The dude kept talking.
“I told them forty minutes but I was sure it would be less. It seemed like I was going over the same piece of ground again and again. I saw a cactus that looked like a man waving, then I saw it again, and it came again. The clock on the dash was an old busted dial, and I didn’t have a cellular phone.”
Cellular phone, I thought. When did he make this trip? Is he playing me to feel sorry for him and give him my phone? It’s not gonna happen. “Look man–”
“But a good driver has a great internal clock, and it had been over an hour since I made my forty minute prediction. Some of them had lighted digital watches, and I was hearing some complaining in the back. One man poked his head into the cab. I yelled at him to get back, but he ignored me.
“He told me I was a bad person, that I had killed the beautiful American bald eagle for no reason other than to be mean. He motioned over to the bird several times and then told me to throw it out. I don’t know if he was their leader, or was just the best English speaker. But he was pretty aggressive and made like he was going to grab the bird. I grabbed his shoulder and told him to get back in the rear or I would have him shot when we arrived. It was not something that I am proud of, but I said it. He got a scared look on his face.
“He skirted back into the dark hole like a rat. When I looked out the window two things came to me at once: he had said ‘Diablo’ and there was something black and thorny on the hood of the U-haul. At first I thought it was a Gila monster because it was the same shape, but the thing was huge. It was the size of a bull mastiff but with spikes all over it. Then I saw a second creep over my hood, and then a third slid down my windshield and it licked the others. Outside I saw another dozen of them running like deer, and all were headed toward the truck. I felt things hitting the truck and shaking it around. We were being loaded down and covered with these black things.

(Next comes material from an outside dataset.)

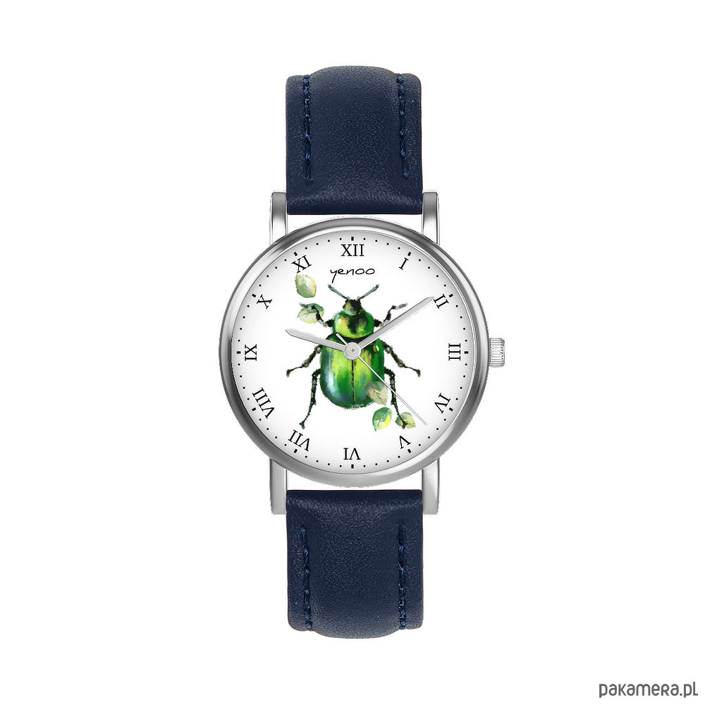 Zegarek mały - Zielony żuczek - skórzany, granatowy

“I slammed the brakes of course. In that kind of situation, I should have kept going, but I got scared. The brakes went to the floor but the truck didn’t slow. I tried to veer off the road, which was another dumb idea, but the wheel turned loose like an arcade game and the truck didn’t veer at all.”

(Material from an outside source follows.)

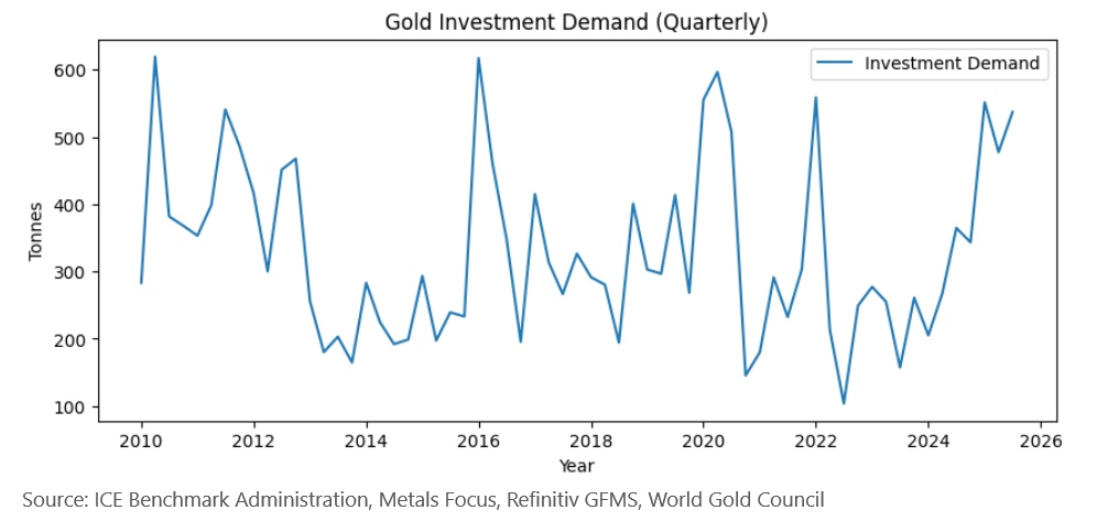 What has accelerated is investment demand, particularly through financial channels. ETFs and investment flows are doing the marginal price setting. That distinction matters, because it changes what kind of rally this is.
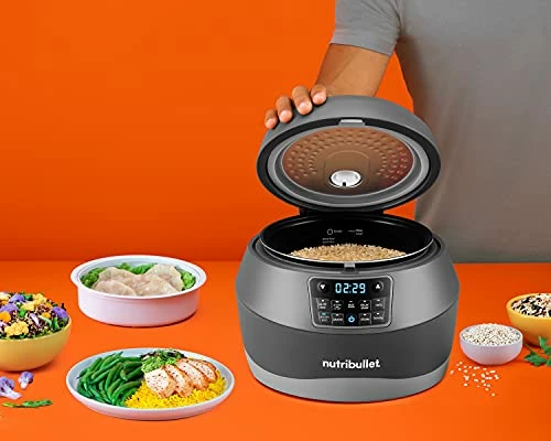 - Whatβs Included The NutriBullet EveryGrain Cooker comes with (1) 600W Cooker Base, (1) 10-cup non-stick Cooking Pot, (1) Steaming Basket (1) Rice Spoon (1) Measuring Scoop, and (1) User & Recipe Guide

“All this happened to you?” I asked the old man. “You were going down the road at full speed and the truck gets possessed and covered by monsters. What did you do?”

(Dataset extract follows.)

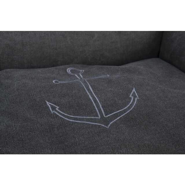 Cama com cobertura de algodão e poliéster, a imitar lona, e enchimento com flocos de esponja. Resistente e de alta qualidade, com uma pega e um fundo antiderrapante. Tem uma cobertura amovível e um colchão bem ajustado. Fabricado na União Europeia.

“What else could I do?” the old crazy said. “I went through the hole to the back of the truck to die with the mojados.
“We traveled on for many hours. The mojados cursed me at first and kicked at me, but they stopped after their leader poked his head up front. I don’t know what he said, but he threw his arms around and scared the hell out of them. They all got real quiet and started praying in whispers. I sat with my back to the hole; I didn’t want to get knifed in the back even if I was going to die and go to the hell I deserved. After a full day and night of traveling I–”
“Whoa whoa,” I said. “A full day of this… the truck just driving itself but never getting anywhere. How can that happen?” I wanted to hear his entire story.
“I decided to go up front. Everything inside the cab was the same. The eagle was still dead, the wheel did not move, and the speedometer stated sixty. The black shapes were still on the hood, curled up like kittens. I eased into the driver’s seat and they didn’t move. I looked in the side mirror and saw there was a bus pulling up on my left. It was a dark blue prison bus. I never thought I would be so happy to see another vehicle! I grabbed for the door handle (I didn’t care if the things tried to eat me) but it wouldn’t open. The window wouldn’t go down either; I’m sure I would have splattered all over the dirt road, and got my head squashed by the bus, but I didn’t care. I wanted off the evil truck! I wanted on that bus.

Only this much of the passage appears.